Così come l’avvento dei computer e il loro ruolo ormai imprescindibile nella vita di tutti i giorni ci fa temere i virus informatici quasi quanto quelli biologici, ci chiediamo cosa potrebbe accedere se un microorganismo patogeno potesse non solo far ammalare o uccidere un essere umano, ma anche cancellare i dati che questi conserva dentro di sé. D’altro canto, in questo caso non basterebbe un antivirus a risolvere il problema, e non si potrebbe certamente “spegnere” l’hard disk umano per evitare la propagazione del contagio. A livello anche più semplice, ove i dati venissero conservati sul DNA di batteri, come è stato fatto, gli hacker potrebbero sviluppare virus biologici in grado di infettare tali batteri, per ucciderli e per cancellarne tutti i dati. I rischi connessi a questa pratica potrebbero spingere i legislatori ad adottare misure drastiche, suscettibili di incidere anche sulle libertà fondamentali dell’individuo, ma per tutelare beni – i dati – a tali libertà certamente sotto ordinati.

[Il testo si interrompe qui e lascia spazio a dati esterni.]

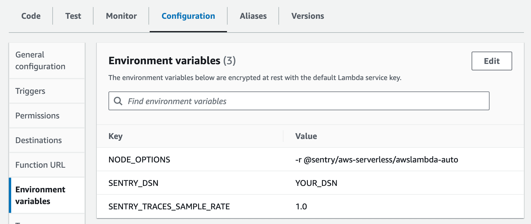 NODE_OPTIONS="-r @sentry/aws-serverless/awslambda-auto"
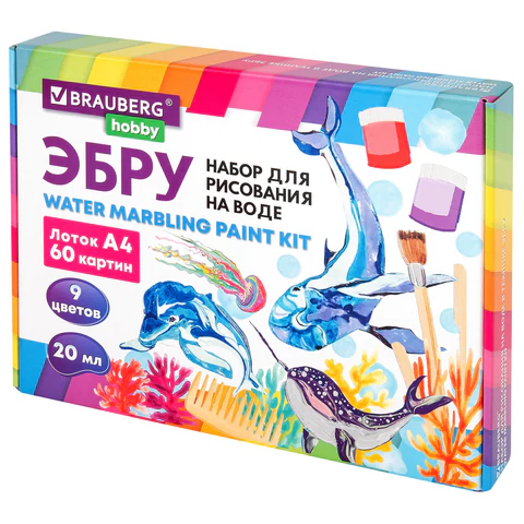 ЭБРУ набор для рисования на воде 9 цветов по 20 мл (60 картин), лоток А4, BRAUBERG HOBBY

L’utilizzo del Dna batterico come hard disk potrebbe anche rendere del tutto incontrollabile la circolazione dei dati, dal momento che questi microorganismi si replicano molto velocemente e, dopo una fase di adattamento all’ambiente, hanno una fase di crescita esponenziale, nel corso della quale la popolazione raddoppia a intervalli di tempo piuttosto ravvicinati. Bisognerà adottare sistemi che impediscano alla cellula hard disk di trasferire alla sua progenie i dati caricati sul suo Dna.
Ove i dati fossero conservati su Dna umano, sorgerebbe anche inevitabilmente il problema della loro qualificazione dal punto di vista giuridico. Il fatto che i dati siano legati a un supporto come il Dna, che costituisce il dato personale e sensibile per antonomasia, e la necessità di estrarre e sequenziare l’acido nucleico per poterli scaricare, potrebbe indurre a considerarli essi stessi dati personali e sensibili, con evidenti problemi in relazione al loro trattamento e alla loro conservazione.
Il tempo in cui, per salvare file elettronici, anziché portare con noi una memoria usb ci porteremo una fiala piena di batteri sembra ancora lontano. E la prassi di farci consegnare una pillola da ingerire per caricare i file sul nostro Dna pare davvero essere ancora fantascienza. Ma ci sembra che inevitabilmente scenari simili si presenteranno, e quando succederà andranno necessariamente gestiti e regolati.